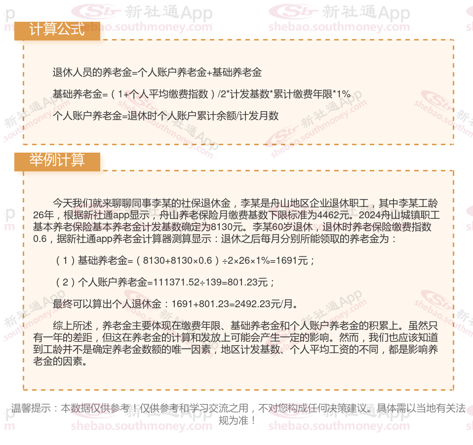 基础养老金计算公式为:(全省上年度在岗职工月平均工资+本人指数化月平均缴费工资)÷2×缴费期限×1%。
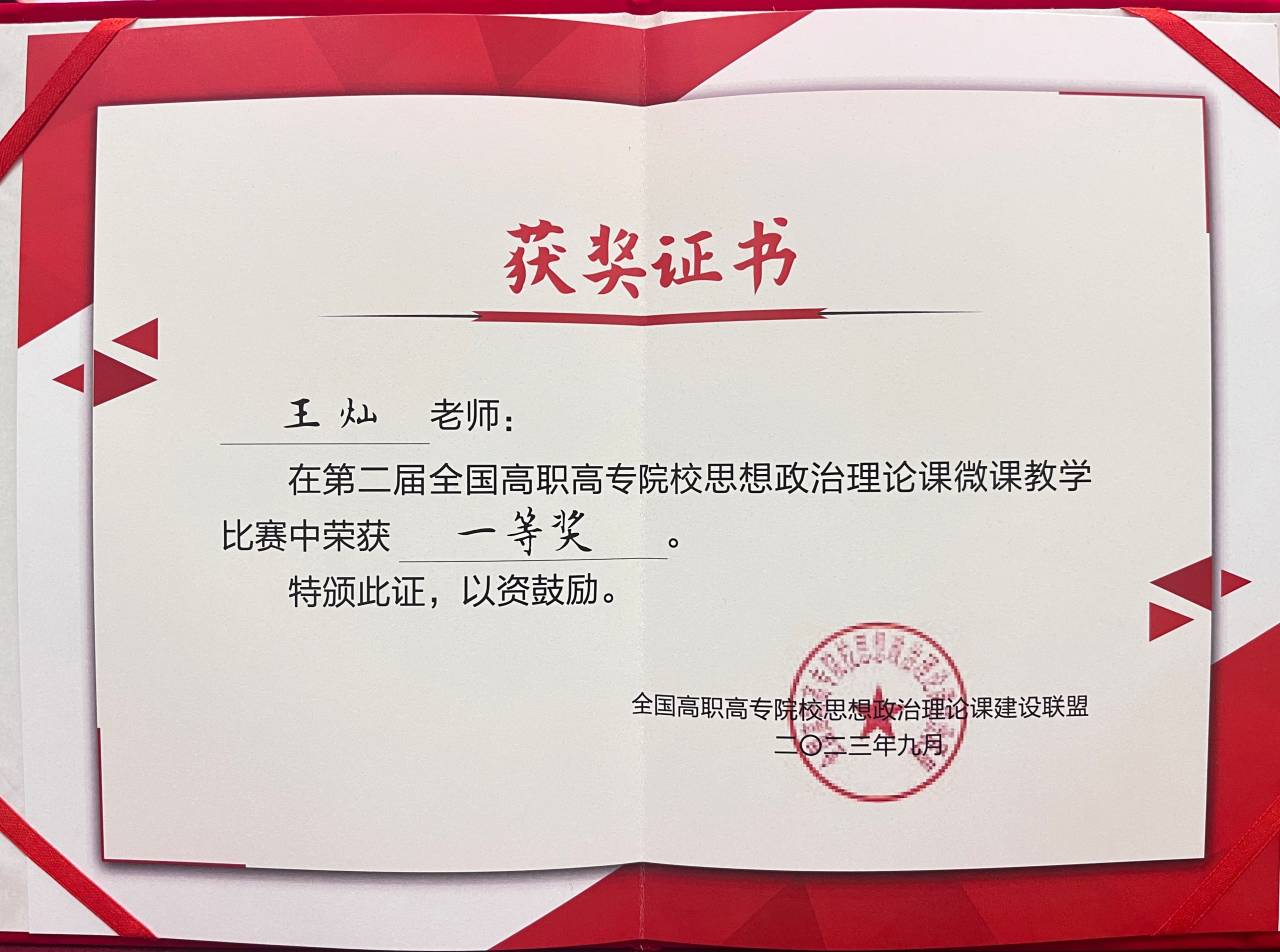 大赛由全国高职高专院校思想政治理论课建设联盟主办、云南交通职业技术学院承办。比赛分为校级初赛、省级复赛和全国总决赛三个阶段。经全国高职高专思政课教学领域的名师、专家匿名评审,共评出特等奖6名、一等奖15名、二等奖25名、三等奖36名。王灿老师在比赛中凭借充分的赛前准备、扎实的基本功底、出色的现场表现,最终取得优异成绩,充分展示了学院思政课教师过硬的教学能力和良好的教学风采。
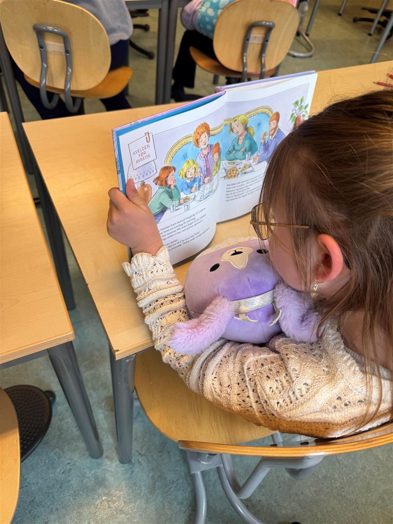 Frå lesevekaTorsdag var det lesekosedag. Her hadde kvar klasse fokus på å kosa seg med lesing. Nokre klassar las for kosedyr, nokon kosa seg med å lesa under pulten, ute på gangen og alle andre stadar der det var mogeleg å lesa.
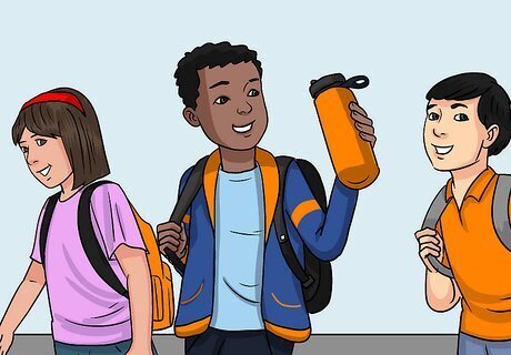 Take a water bottle with you. You never know when you are going to get thirsty, so remember to bring your water bottle. Choose a water bottle that does not leak. Choose a water bottle that is free of BPA and other chemicals. Choose an insulated water bottle to keep your water at a nice temperature.
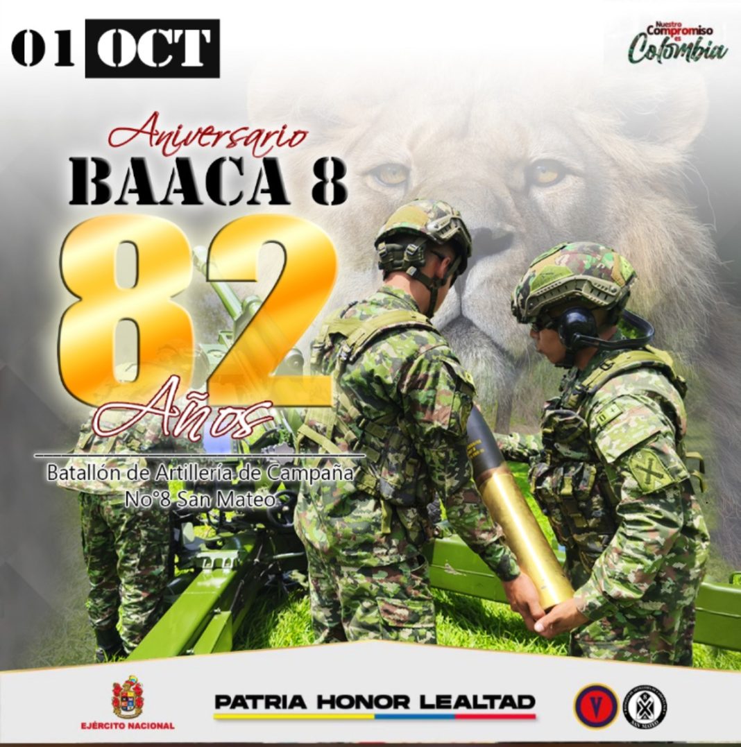 El Batallón de Artillería de Campaña N.º 8 “San Mateo” conmemora en 2025 dos hitos importantes: 92 años de vida institucional y 82 años de presencia en Pereira, reafirmando su papel esencial en la seguridad de Risaralda y el Eje Cafetero. Esta unidad militar ha acompañado a la ciudadanía en momentos decisivos, dejando un legado de disciplina, honor y compromiso con Colombia.
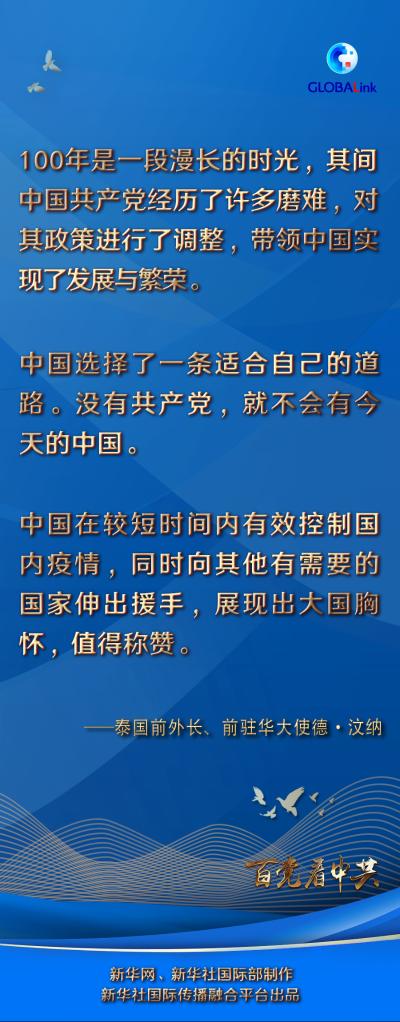 新華社曼谷5月29日電 “100年是一段漫長(zhǎng)的時(shí)光,其間中國共產(chǎn)黨經(jīng)歷了許多磨難,對(duì)其政策進(jìn)行了調(diào)整,帶領(lǐng)中國實(shí)現(xiàn)了發(fā)展與繁榮。”泰國前外長(zhǎng)、前駐華大使德·汶納日前在曼谷接受新華社專訪時(shí)說。
◇ ◇ ◇ ◇ ◇
#### [Problem requirements]
For this exercise, output only the lines from the one bearing "El Batallón de" to the end of the material above, exactly as written, with pictures left out.

#### [Your solution]
 El Batallón de Artillería de Campaña N.º 8 “San Mateo” conmemora en 2025 dos hitos importantes: 92 años de vida institucional y 82 años de presencia en Pereira, reafirmando su papel esencial en la seguridad de Risaralda y el Eje Cafetero. Esta unidad militar ha acompañado a la ciudadanía en momentos decisivos, dejando un legado de disciplina, honor y compromiso con Colombia.
 新華社曼谷5月29日電 “100年是一段漫長(zhǎng)的時(shí)光,其間中國共產(chǎn)黨經(jīng)歷了許多磨難,對(duì)其政策進(jìn)行了調(diào)整,帶領(lǐng)中國實(shí)現(xiàn)了發(fā)展與繁榮。”泰國前外長(zhǎng)、前駐華大使德·汶納日前在曼谷接受新華社專訪時(shí)說。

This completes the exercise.